H O N G B I N: Apache Kylin is a very high visibility project in the big data community and our idea is getting adopted by many companies around the world. Recently, we found a project open sourced by Alibaba that borrowed a lot of ideas from Apache Kylin, so, I would say the way Kylin handles the problems with big data is getting more and more popular and is being accepted by many giants in the industry. I encourage anyone that wants to excel in big data to participate.
J A S O N: What Apache Kylin is doing is really the future of data. So many users work on traditional tools and spend so much time and work so hard, but they don’t always get the right result or take the most efficient route.

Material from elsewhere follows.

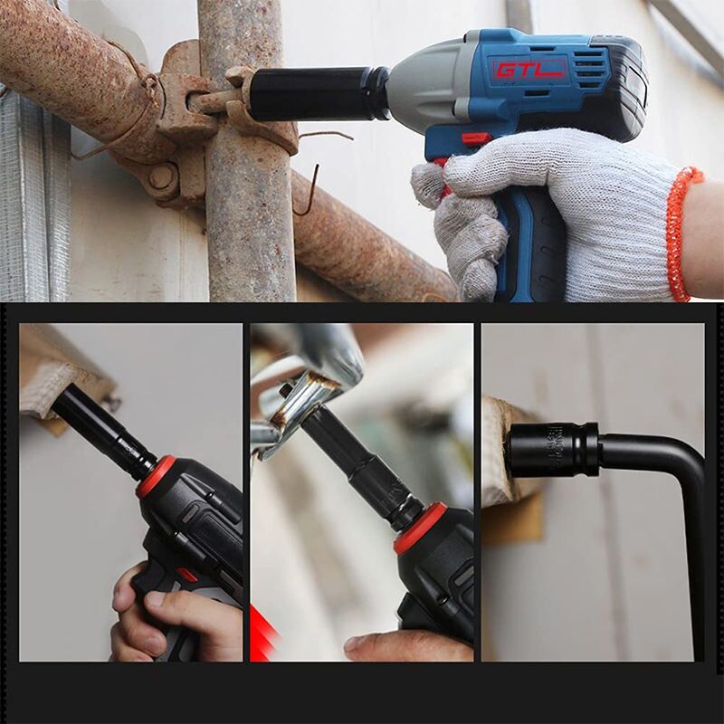 Alta maniobrabilidad: Equipado con una junta universal de 1/2" y una barra de conexión, el juego se adapta a espacios de trabajo angulados o descentrados, garantizando un funcionamiento fluido incluso en posiciones no rectas.

We have this new platform with new tools that can really help them, but only some of us working on this project is not enough, we need more people to do this thing right. The more talent working on this project, the greater the potential of Kylin will be and we will help even more people.
There are many, may user examples – Didi, which is like Uber in America, Meituan, a huge food delivery service and ByteDance, the parent company of TikTok. Most big companies are using Kylin because the challenge we help solve is everywhere, in every industry. Every company has lots of data and they need to solve the problem of storage and analysis but there are not many choices. Apache Kylin is the best choice for them on OLAP, on Hadoop, and on Spark.
What is one thing you would like people to understand and remember about Apache Kylin?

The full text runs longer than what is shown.